(MATERIAL TO PROCESS)

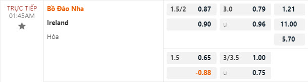 Tỷ lệ kèo Bồ Đào Nha vs CH Ailen
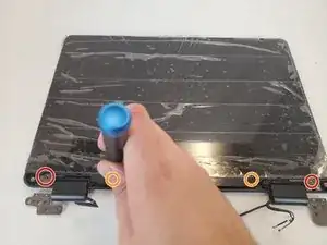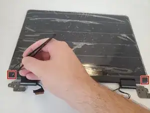 Выкрутите два винта длиной 3,3 мм, которые находились под крышками на ленте ЖК-дисплея, с помощью отвёртки Phillips #0.
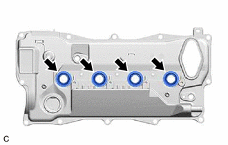 | (a) Install 4 new spark plug tube gaskets to the cylinder head cover sub-assembly. NOTICE:
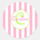 Monograma y Pegatina de nombres. Rayas rosas y blancas con acentos de cal
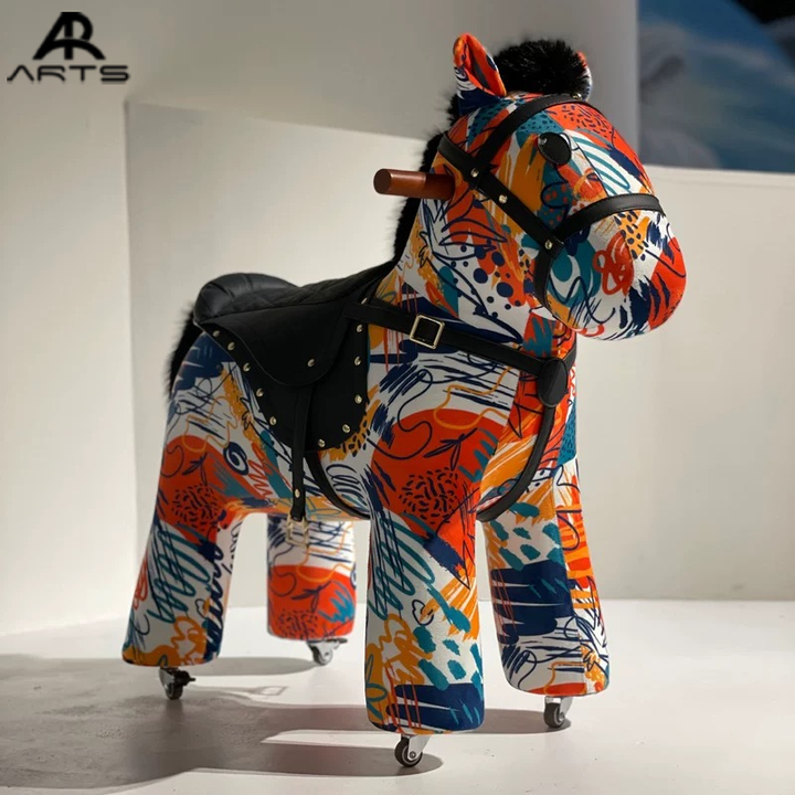 French Style Leather Saddle Stool Creative Wooden Horse Chair Birthday Toy & Home Decoration for Children & Living Room

(End MATERIAL TO PROCESS)

Look above for the line containing "(a) Install 4"; output that line and all lines after it through the last one exactly, without the pictures.

OUTPUT BELOW:
 | (a) Install 4 new spark plug tube gaskets to the cylinder head cover sub-assembly. NOTICE:
 Monograma y Pegatina de nombres. Rayas rosas y blancas con acentos de cal
 French Style Leather Saddle Stool Creative Wooden Horse Chair Birthday Toy & Home Decoration for Children & Living Room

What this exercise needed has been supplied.